What might cause the same SSE code to run a few times slower in the same function?

Question

Edit 3: The images are links to the full-size versions. Sorry for the pictures-of-text, but the graphs would be hard to copy/paste into a text table.

I have the following VTune profile for a program compiled with icc --std=c++14 -qopenmp -axS -O3 -fPIC:

In that profile, two clusters of instructions are highlighted in the assembly view. The upper cluster takes significantly less time than the lower one, in spite of instructions being identical and in the same order. Both clusters are located inside the same function and are obviously both called n times. This happens every time I run the profiler, on both a Westmere Xeon and a Haswell laptop that I'm using right now (compiled with SSE because that's what I'm targeting and learning right now).

What am I missing?

Ignore the poor concurrency, this is most probably due to the laptop throttling, since it doesn't occur on the desktop Xeon machine.

I believe this is not an example of micro-optimisation, since those three added together amount to a decent % of the total time, and I'm really interested about the possible cause of this behavior.

Edit: OMP_NUM_THREADS=1 taskset -c 1 /opt/intel/vtune...

Same profile, albeit with a slightly lower CPI this time.

@SegFault Then it would be in the loading times from the RAM or cache to the registers, which is the `movapsx` instruction. Here it's just the FPU operations, as far as I understand. — iksemyonov, Oct 07 '16 at 09:36
Multithreading? Your image is hard to read, but maybe the FPU is busy with other stuff in one of the cases... — Sven Nilsson, Oct 07 '16 at 10:18
@SvenNilsson right-click and open in new tab to see the full resolution. All the threads are busy with the same task, the program is using OpenMP. — iksemyonov, Oct 07 '16 at 10:19
@SvenNilsson See update, same problem. Thanks for the suggestion! — iksemyonov, Oct 07 '16 at 10:32
@SvenNilsson testing with 2 threads, maybe it's really related to hyperthreading in a sense, but still, look at it, that's the same code, and it happens very single time! Edit: same picture given 2 threads — iksemyonov, Oct 07 '16 at 10:38

score 3 · Answer 1 · answered Oct 07 '16 at 11:23

3

Well, analyzing assembly code please note that running time is attributed to the next instruction - so, the data you're looking by instructions need to be interpreted carefully. There is a corresponding note in VTune Release Notes:

Running time is attributed to the next instruction (200108041)

To collect the data about time-consuming running regions of the target, the Intel® VTune™ Amplifier interrupts executing target threads and attributes the time to the context IP address.

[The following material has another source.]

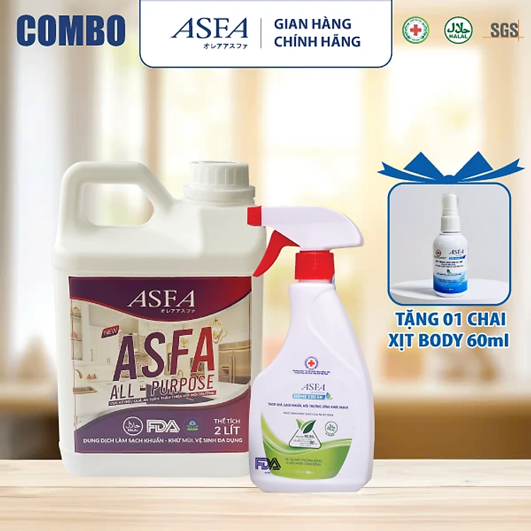 [Combo] Dung dịch làm sạch khuẩn, khử mùi đa năng ASFA All Purpose (Can 2 Lít) & ASFA Home Fresh (500ml)

Due to the collection mechanism, the captured IP address points to an instruction AFTER the one that is actually consuming most of the time. This leads to the running time being attributed to the next instruction (or, rarely to one of the subsequent instructions) in the Assembly view. In rare cases, this can also lead to wrong attribution of running time in the source - the time may be erroneously attributed to the source line AFTER the actual hot line.

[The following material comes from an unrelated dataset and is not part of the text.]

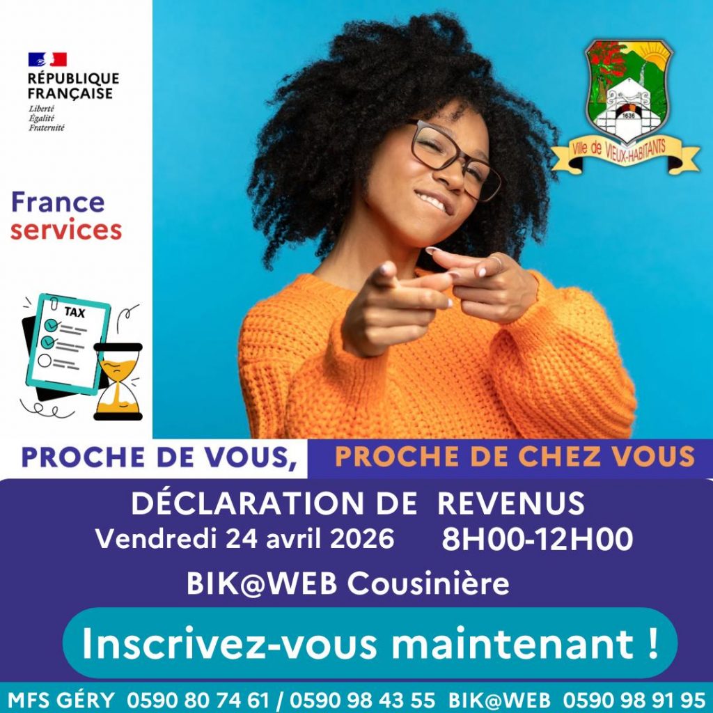 - Aide à la déclaration de revenus : Deux dates sont disponibles. Le vendredi 24 avril 2026 au BIK@WEB Cousinière. Le mercredi 13 mai 2026 à la Maison France Services Géry. Les créneaux vont de 8h00 à 12h00.

In case the inline mode is ON and the program has small functions inlined at the hotspots, this can cause the running time to be attributed to a wrong function since the next instruction can belong to a different function in tightly inlined code.

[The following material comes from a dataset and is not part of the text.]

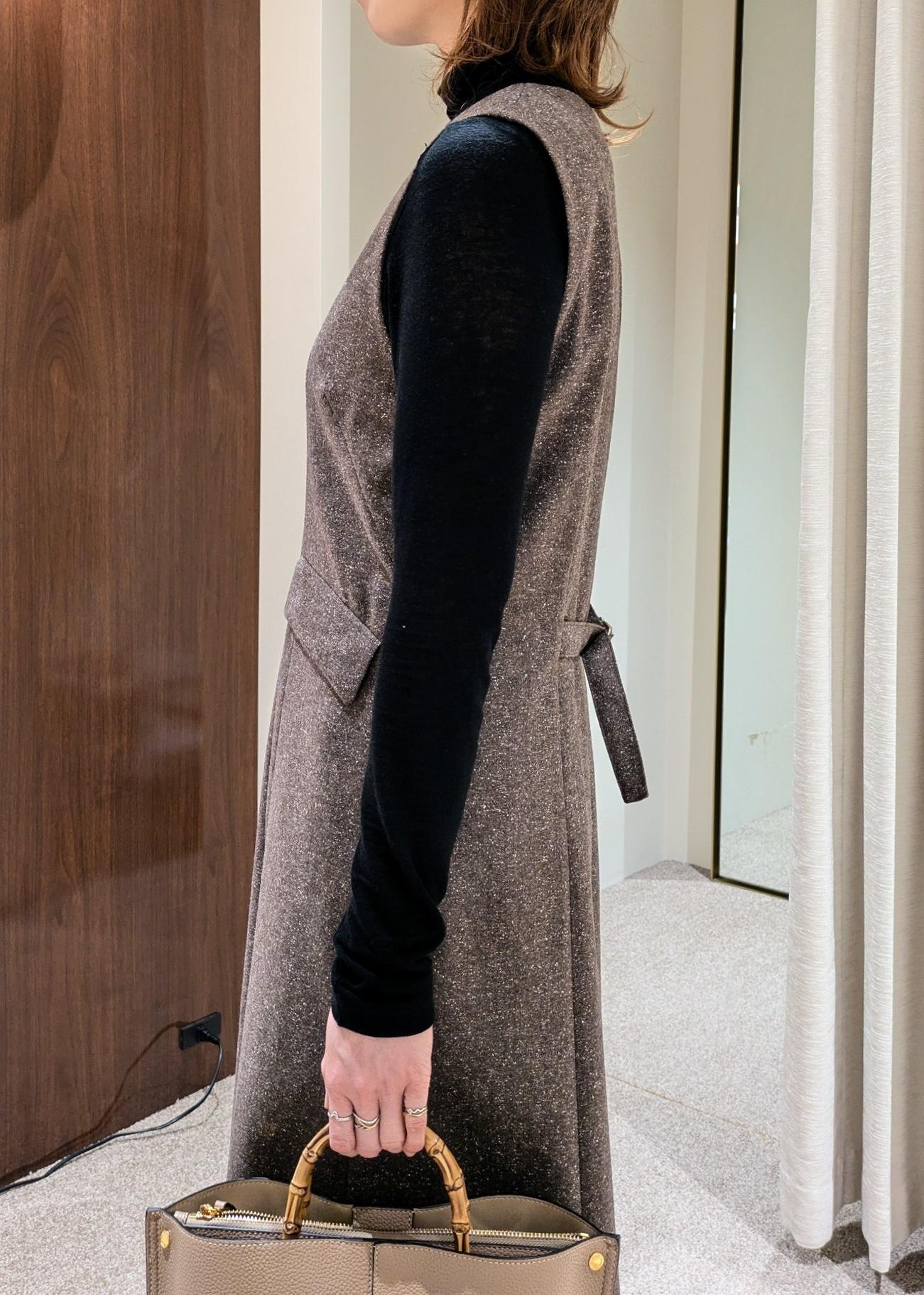 後ろのベルトでウエストラインを微調整出来るところが嬉しいポイントで、その日の気分に合わせて、ゆるシルエットにも身体にフィットさせたシルエットにも変えられます。

answered Oct 07 '16 at 11:23

Vital

181
5

Thanks for the link! I'm aware of the offset, but now confused about the direction of it. In my example, are the longer bars really caused by the `mul/add/sub` instructions? – iksemyonov Oct 07 '16 at 11:26
The time of the instruction A will be shown as the time of instruction A+1 - so, yes, longer bars are caused by sub/mul/add instructions actually. – Vital Oct 07 '16 at 11:29
OK, that was what I've been assuming, thanks for the clarification! Now, yeah, little remains: figure out why they take 2x to 3x more time in the second cluster, while being called the same amount of times :) – iksemyonov Oct 07 '16 at 11:30
1

Try running General Exploration in VTune to observe microarchitecture issues - e.g. more cache misses for the 2nd part. – Vital Oct 10 '16 at 05:02
TY will do now! IS it available in the UI? I ran the cache miss analysis about a year ago using the CLI but totally forgot how to compose the long-ish command. – iksemyonov Oct 10 '16 at 05:04
Yes, you'll find it under "Microarchitecture Analysis" section in UI. In CLI simply use "amplxe-cl -c general-exploration". – Vital Oct 10 '16 at 19:50

score 3 · Accepted Answer · answered Oct 07 '16 at 21:56

HW perf counters typically charge stalls to the instruction that had to wait for its inputs, not the instruction that was slow producing outputs.

The inputs for your first group comes from your gather. This probably cache-misses a lot, and doesn't the costs aren't going to get charged to those SUBPS/MULPS/ADDPS instructions. Their inputs come directly from vector loads of voxel[], so store-forwarding failure will cause some latency. But that's only ~10 cycles IIRC, small compared to cache misses during the gather. (Those cache misses show up as large bars for the instructions right before the first group that you've highlighted)

The inputs for your second group come directly from loads that can miss in cache. In the first group, the direct consumers of the cache-miss loads were instructions for lines like the one that sets voxel[0], which has a really large bar.

But in the second group, the time for the cache misses in a_transfer[] is getting attributed to the group you've highlighted. Or if it's not cache misses, then maybe it's slow address calculation as the loads have to wait for RAX to be ready.

It looks like there's a lot you could optimize here.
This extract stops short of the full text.